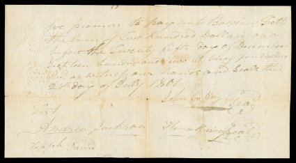 daring military commander, his stunning victory at New Orleans in JanJackson, Andrew Seventh President of the United States (1767-1845, served 1829-37); an early leader in the West, becoming one of Tennessee's first US Senators upon statehood; a daring military commander, his stunning victory at New Orleans in January 1815 made him a national hero; the first president who was called to office as the people's choice, he was also the last to have served in the Revolutionary War. Scarce early Autograph Document Signed "Andrew Jackson" while Justice of the Tennessee Supreme Court, 1 page, oblong 8vo, no place, July 24, 1801. He writes out and witnesses a promissory note on behalf of John Caffery and Thomas Harney, who promise "to pay unto Bowling Felts the Sum of Two Hundred Dollars on or before the Twenty fifth day of December Eighteen hundred and two it being for value received..." Embossed at left with second-issue 25-cent revenue stamp (RM-263) with a good impression of an American eagle holding a shield. Tipped gently to a slightly larger black sheet but easily removed. Fold wear including tiny hole at fold intersection, some spots of toning, otherwise VG. John Caffery was Jackson's brother-in-law, married to the sister of his wife, Rachel Donelson Jackson. Jackson treated his wife's family fully as his own, and would later help Caffery when the latter's farm was to be lost due to a debt. (Image) Est. $1,000-1,500
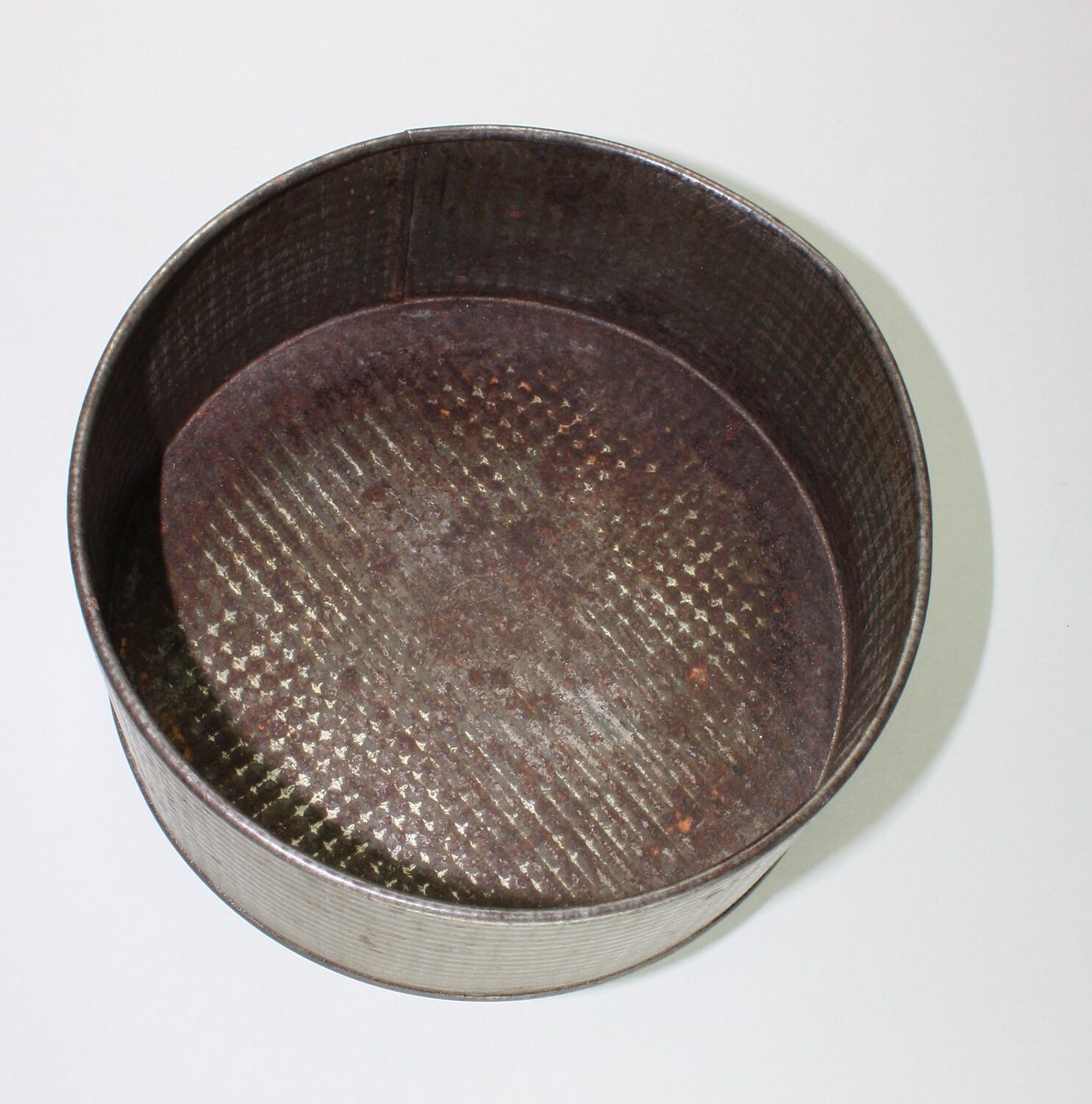Round metal cake tin with a stippled finish and a trademark imprinted on underside of base.
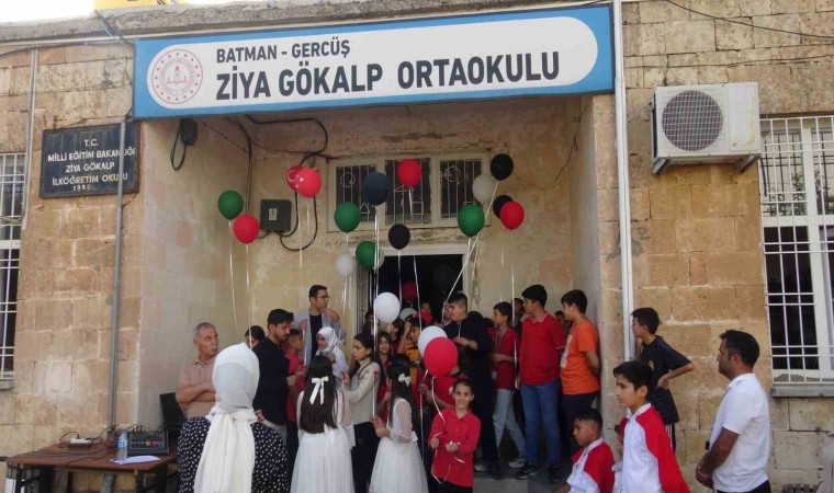 Batman’ın Gercüş ilçesinde Filistin’de yaşananlara farkındalık oluşturmak amacıyla düzenlenen programda öğrenciler tarafından gökyüzüne Filistin bayrağının renklerini simgeleyen balonlar bırakıldı.
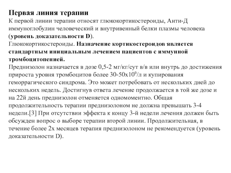 Преднизолон назначается в дозе 0,5-2 мг/кг/сут в/в или внутрь до достижения прироста уровня тромбоцитов более 30-50х109/л и купирования геморрагического синдрома. Это может потребовать от нескольких дней до нескольких недель. Достигнув ответа лечение продолжается в той же дозе и на 22й день преднизолон отменяется одномоментно. Общая продолжительность терапии преднизолоном не должна превышать 3-4 недели.[3] При отсутствии эффекта к концу 3-й недели лечения должен быть обсужден вопрос о выборе терапии второй линии. Продолжительная, в течение более 2х месяцев терапия преднизолоном не рекомендуется (уровень доказательности D).
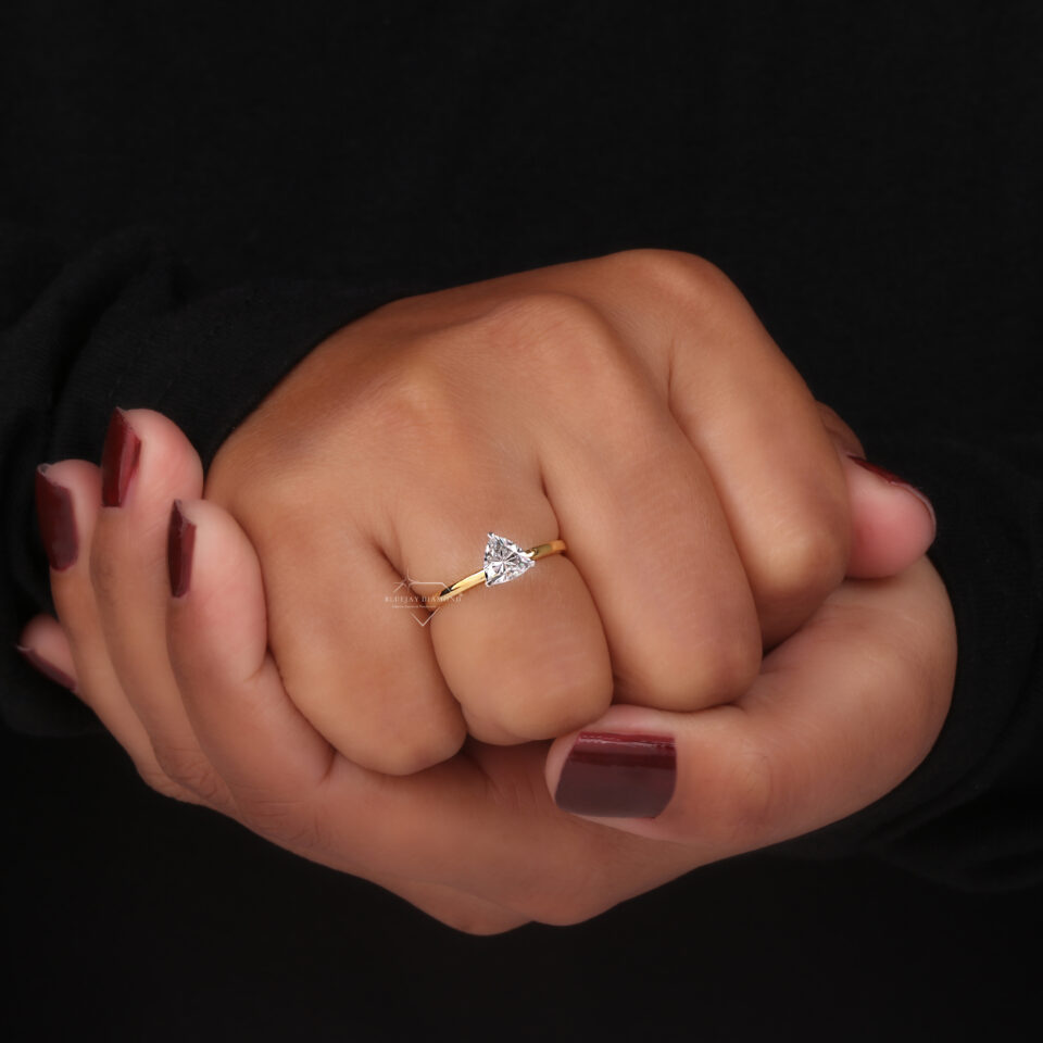 Trillion-Cut Diamond Trio Ring in Yellow Gold – Three-Stone Elegance

The problem:
Transcribe all of the entries word for word, but skip any pictures they contain.

Response to this task:
 daring military commander, his stunning victory at New Orleans in JanJackson, Andrew Seventh President of the United States (1767-1845, served 1829-37); an early leader in the West, becoming one of Tennessee's first US Senators upon statehood; a daring military commander, his stunning victory at New Orleans in January 1815 made him a national hero; the first president who was called to office as the people's choice, he was also the last to have served in the Revolutionary War. Scarce early Autograph Document Signed "Andrew Jackson" while Justice of the Tennessee Supreme Court, 1 page, oblong 8vo, no place, July 24, 1801. He writes out and witnesses a promissory note on behalf of John Caffery and Thomas Harney, who promise "to pay unto Bowling Felts the Sum of Two Hundred Dollars on or before the Twenty fifth day of December Eighteen hundred and two it being for value received..." Embossed at left with second-issue 25-cent revenue stamp (RM-263) with a good impression of an American eagle holding a shield. Tipped gently to a slightly larger black sheet but easily removed. Fold wear including tiny hole at fold intersection, some spots of toning, otherwise VG. John Caffery was Jackson's brother-in-law, married to the sister of his wife, Rachel Donelson Jackson. Jackson treated his wife's family fully as his own, and would later help Caffery when the latter's farm was to be lost due to a debt. (Image) Est. $1,000-1,500
Round metal cake tin with a stippled finish and a trademark imprinted on underside of base.
 Batman’ın Gercüş ilçesinde Filistin’de yaşananlara farkındalık oluşturmak amacıyla düzenlenen programda öğrenciler tarafından gökyüzüne Filistin bayrağının renklerini simgeleyen balonlar bırakıldı.
 Преднизолон назначается в дозе 0,5-2 мг/кг/сут в/в или внутрь до достижения прироста уровня тромбоцитов более 30-50х109/л и купирования геморрагического синдрома. Это может потребовать от нескольких дней до нескольких недель. Достигнув ответа лечение продолжается в той же дозе и на 22й день преднизолон отменяется одномоментно. Общая продолжительность терапии преднизолоном не должна превышать 3-4 недели.[3] При отсутствии эффекта к концу 3-й недели лечения должен быть обсужден вопрос о выборе терапии второй линии. Продолжительная, в течение более 2х месяцев терапия преднизолоном не рекомендуется (уровень доказательности D).
 Trillion-Cut Diamond Trio Ring in Yellow Gold – Three-Stone Elegance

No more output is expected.